Melt some plain chocolate with water, sugar and butter and add a touch of vanilla essence. pour small amount of mixture in the middle of the pancake, fold and serve with a healthy spoonful of ice cream and dust with icing sugar.

Thanks to The Habit Restaurant and Bar in Bridgnorth & Beacon Radio!

​


----------



## ♥sparklequeen♥ (Feb 6, 2007)

*Thanks Dizzi - my mouth is watering! 

Does anyone know how to make those cake sort of pancakes - the thicker ones that are like sponge? 

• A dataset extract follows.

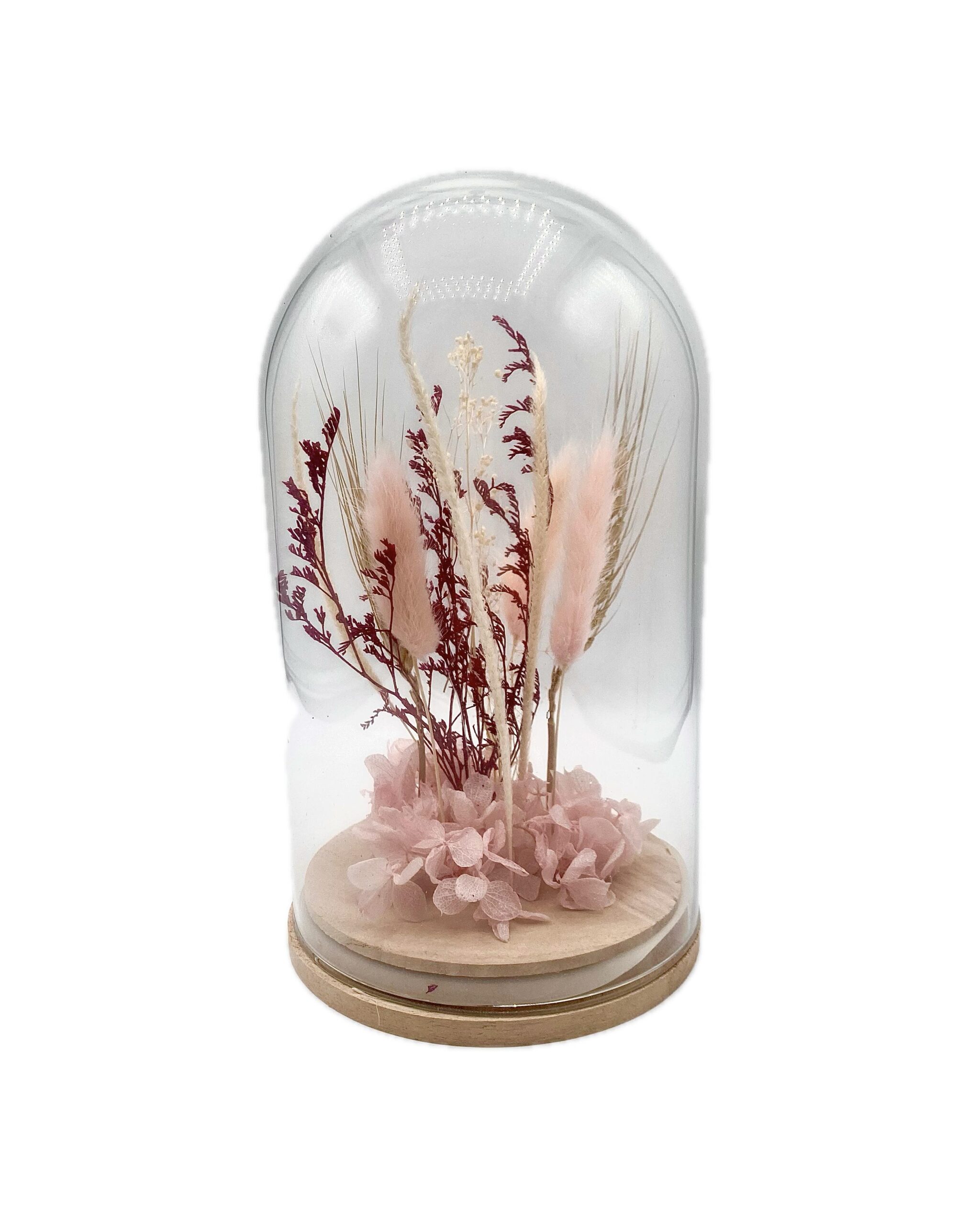 Helemaal hip deze stolp met droogbloemen. De stolp staat op een houten onderzetter.

I cant wait until tonight to have some - i havent looked forward to food in aaaages!

xx*


----------



## chucky egg 4 (Oct 20, 2006)

You mean Scotch pancakes Sparkles I've found a recipe and I think I will try it.

http://www.waitrose.com/recipe/Scotch_Pancakes.aspx

I'm doing savoury pancakes with button mushrooms cooked in brandy and cream . 
yum

Chucky egg
/links


----------



## ♥ M J ♥ (Apr 17, 2004)

I know them as Drop scones- my auntie used to make them for me all the time! 

Dh Mam makes Scotch pancakes! think i am gonna get her to make me some of them tomorrow as eaten 3 normal pancakes already!

xxx


----------



## Caz (Jul 21, 2002)

I love panckaes in all shapes and sizes. 

I had mine tonight, with lemon and sugar and a bit of maple syrup. Boring I know but that's just how I like them. 

What's you favourite topping? 

C~x


----------



## Lou F ❁ (Feb 28, 2003)

we had ours just now dh had lemon n sugar i was very bad and had home made pear n rasperry crumble inside mine  they were scrummy dont want to even think of calorie count !!!!!!!!!!


----------



## Caz (Jul 21, 2002)

Without the topping they're actually not too bad - flour, eggs, milk. In fact, very high protien so probably a good food for anyone having IVF... it's all the crap we put on them that spoils it!  

C~x


----------



## ♥sparklequeen♥ (Feb 6, 2007)

*Chucky - thanks so much for that link. I never knew they were called scotch pancakes (but ive heard of them )

I had lemon and sugar on mine, i have that every time, i love it!

DH had chocolate, banana and syrup on his. The . They were nice though 

Might have some tonight - scotch ones *


----------